Machine Learning is a subfield of Artificial Intelligence. It focuses on the use of algorithms to find patterns in large amounts of data, leading to interesting achievements. For example, algorithms can accurately predict what could occur next. Also, finding a pattern match can help them make a decision, such as providing recommendations in streaming sites, search engines, or interactive voice services. In FAITH, we will be using their ability to identify patterns to infer downward trajectories in mental wellbeing.

There are some differences between regular computer software and machine learning. The key distinction is that in regular software the coder has written specific instructions on how a computer must perform. Instead, machine-learning models are taught how to reliably make informed decisions, based on being trained on large amounts of data.

There are several kinds of machine learning. For example, in supervised learning the trainer provides rules that make connections between inputs and outputs. In unsupervised learning, instead, the trainer provides inputs, and the computer discovers patterns. Finally, in reinforcement learning, the trainer continuously provides input, and the system constantly improves based on these inputs.

Given the vast amount of data that has recently become available, and the advancement of supercomputer technologies, the use of machine learning is becoming more prevalent, with ever more accurate predictions.

Natural Language Processing

“Language is a city to the building of which every human being brought a stone”.

When Ralph Waldo Emerson said this in 1875, it was a realisation of the importance of language in terms of our development as a species. Even 135 years later, it is as profound as ever. However, today the stones are no longer brought by human beings alone.

Natural Language Processing (NLP) is a branch of AI concerned with allowing computers to understand, interpret, and manipulate human language. There are over a trillion pages of information on the Web, almost all of it in natural language. Considering that nearly everything we observe, learn, and create is either represented or communicated through language, the significance of this field is hard to overstate.

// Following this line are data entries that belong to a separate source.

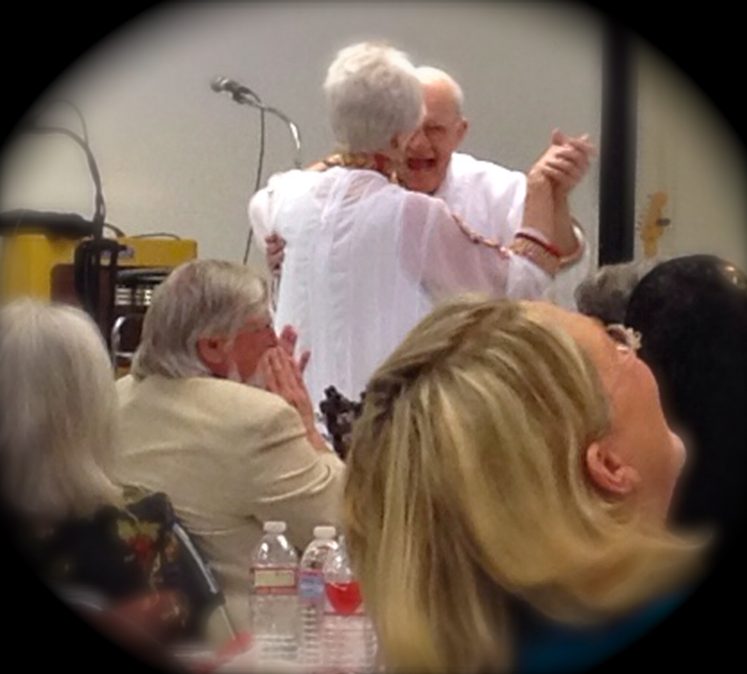 This was actually Saturday. John and Judy exchange vows in a large community hall. Hundreds of friends show up to support, dance, schmooze. It was even a potluck.
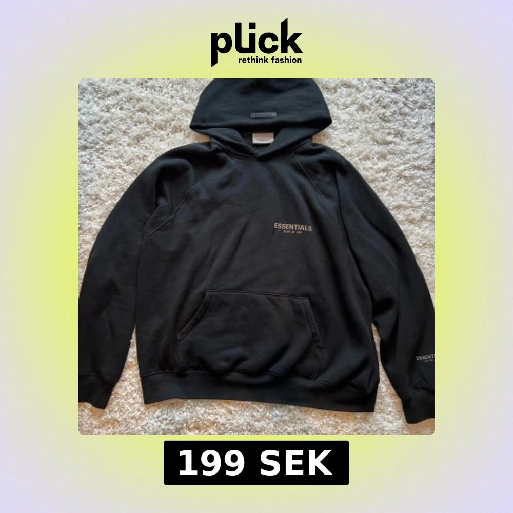 Säljer en svart hoodie från Essentials med liten logga på bröstet och ficka framtill. Tröjan har huva och långa ärmar, perfekt för en avslappnad stil.
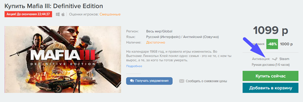 При покупке нужно обратить внимание, чтобы активация происходила именно на платформе Steam.
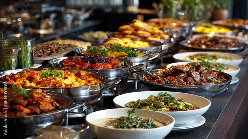 A diverse buffet featuring various food items in metal serving dishes and bowls, showcasing a wide array of culinary options.
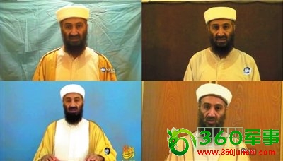本拉登录制讲话的4个画面。
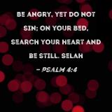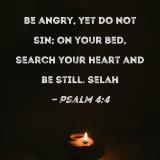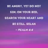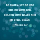 Be angry, yet do not sin; on your bed, search your heart and be still. Selah
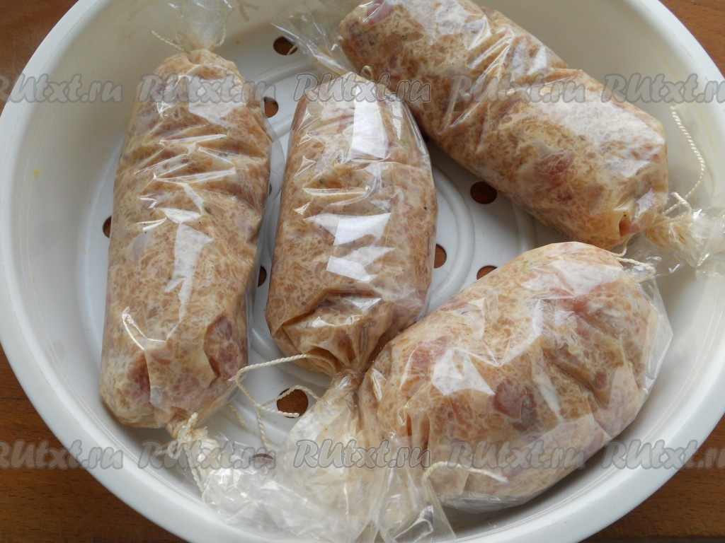 Поместить полуфабрикат в чашу мультиварки для готовки на пару или в пароварку. Если нет ни того, ни другого - просто варите колбаски в кастрюле, в воде.

Although it has been around since the 1950s, NLP has made a major leap in the past decade largely thanks to the advent of Deep Learning (DL). Just two technologies in US history have had uptake by one in four Americans within two years: the iPhone in 2007, and Alexa in 2016. This should not be surprising: humans engage far more naturally through speaking than they do by typing on a keyboard. Projections anticipate that this year, 75 percent of American homes will have at least one voice personal assistant.

AI and NLP in FAITH

The impact of NLP on healthcare in particular is poised to be huge. For example, Natural Language Processing can allow us to make inferences about peoples’ mental states from what they write. These inferences can help predict potential issues such as depression, suicidality, and anxiety. If healthcare practitioners can monitor and detect them, then new intervention pathways can open up.

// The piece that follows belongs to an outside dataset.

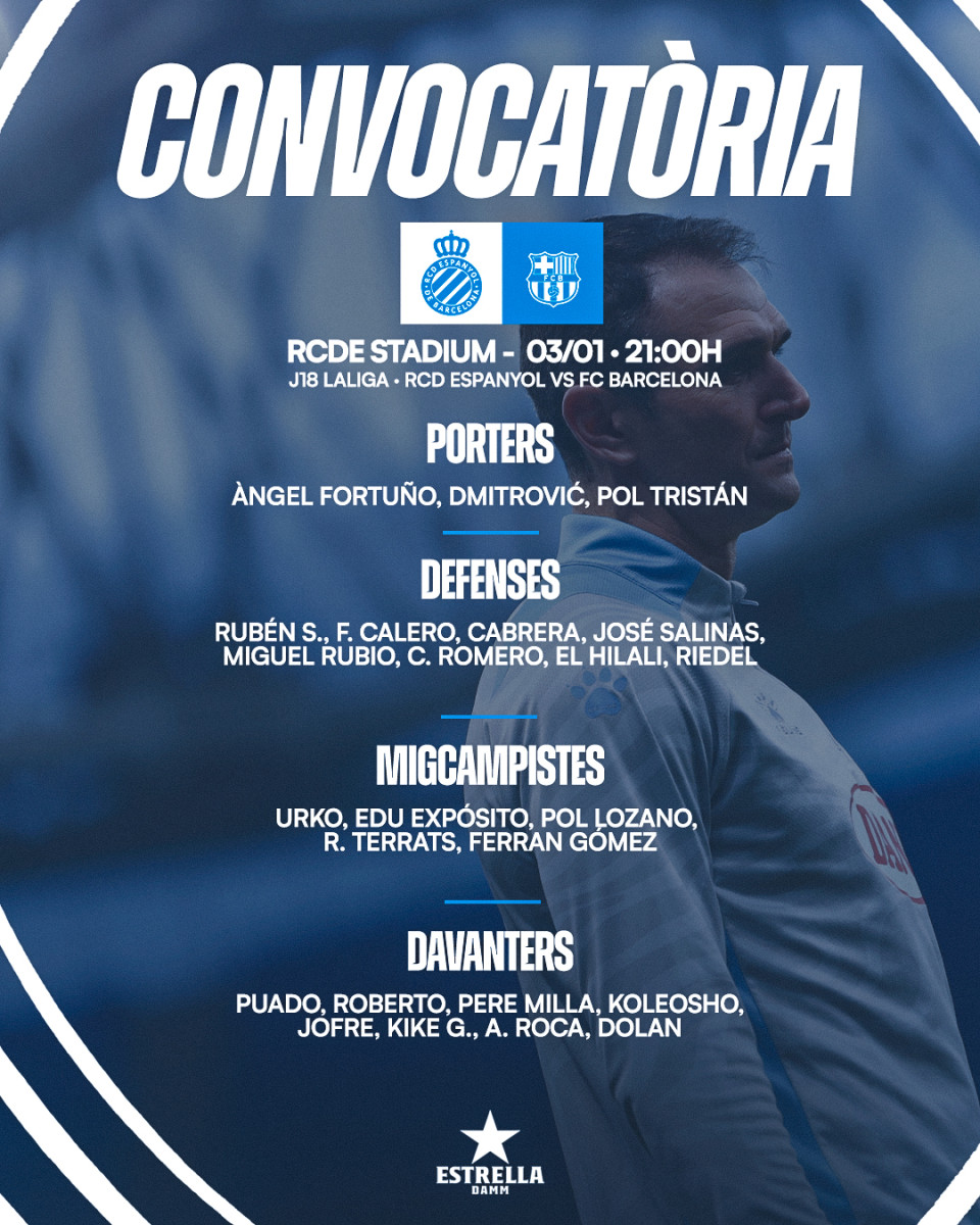 - Espanyol: Dmitrović, Calero, Cabrera, El Hilali, Carlos Romero, Urko González, Pol Lozano, Edu Expósito, Dolan, Pere Milla y Roberto.

A powerful combination can form between Natural Language Processing and voice analysis. The latter consists of learning from a user’s particular vocal traits, and classifying changes in their different features. Changes in pitch, loudness, speaking rate or articulation, for example, could indicate negative trends in a user’s mental health.

In the FAITH project, such monitoring of changes in speech and in the associated emotion over time will provide Personalised Emotion Inference, allowing us to deduce downward trajectories in personal mental wellbeing through voice variance with the help of our machine learning algorithms.

Intelligent healthcare applications

With the recent advances in Artificial Intelligence, and Natural Language Processing in particular, we are in the position to enable truly “intelligent” healthcare applications. And in one part of the FAITH project we intend to do exactly so. Using these technologies, we can link conversational systems to healthcare problems as a means of monitoring disease trajectories and general mental wellbeing. However, there is so much still to do. We are very excited in FAITH with the research that is ahead of us over the coming years.


Authors: Gary McManus and Philip O’Brien of the Waterford Institute of Technology (Waterford, Ireland).